FLEXLAB, for Plug 'n Play Green-Building Studies, Has World's First Revolving Test Bed


















For all the promise of rotation, Selkowitz's dream carousel almost died when Overaa's low bid of $10.3 million for the entire FLEXLAB came in $1.7 million over the $8.6-million budget estimate.
The turntable does not rotate 360˚ because the other sheds are to the east. Even so, the cost of 270˚ rotation is $1 million. That was "a real eye-opener" for the lab's scientists, says Richard Stanton, FLEXLAB's project director for the Berkeley lab's facilities group. "It is expensive to incorporate rotation into a permanent structure, meet seismic and safety codes, and deal with electrical feeds," he says.
After two months of value-engineering, including eliminating a static test bed and other elements, Overaa's price came down by $948,620 to an acceptable $9.4 million. The rotating test bed had survived the cuts.

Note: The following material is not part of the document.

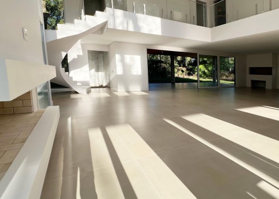 Piso em porcelanato e piso vinílico.

The lab issued a notice to proceed in June 2012.
Overaa's current contract, including add-ons, is at $9.8 million. The overall project is within budget, thanks to a contingency fund, says Ross Schaefer, FLEXLAB's project manager for the Berkeley lab.
The diminutive size and shed-like looks belie FLEXLAB's complexity. "We've had to overcome many technical challenges," says Schaefer.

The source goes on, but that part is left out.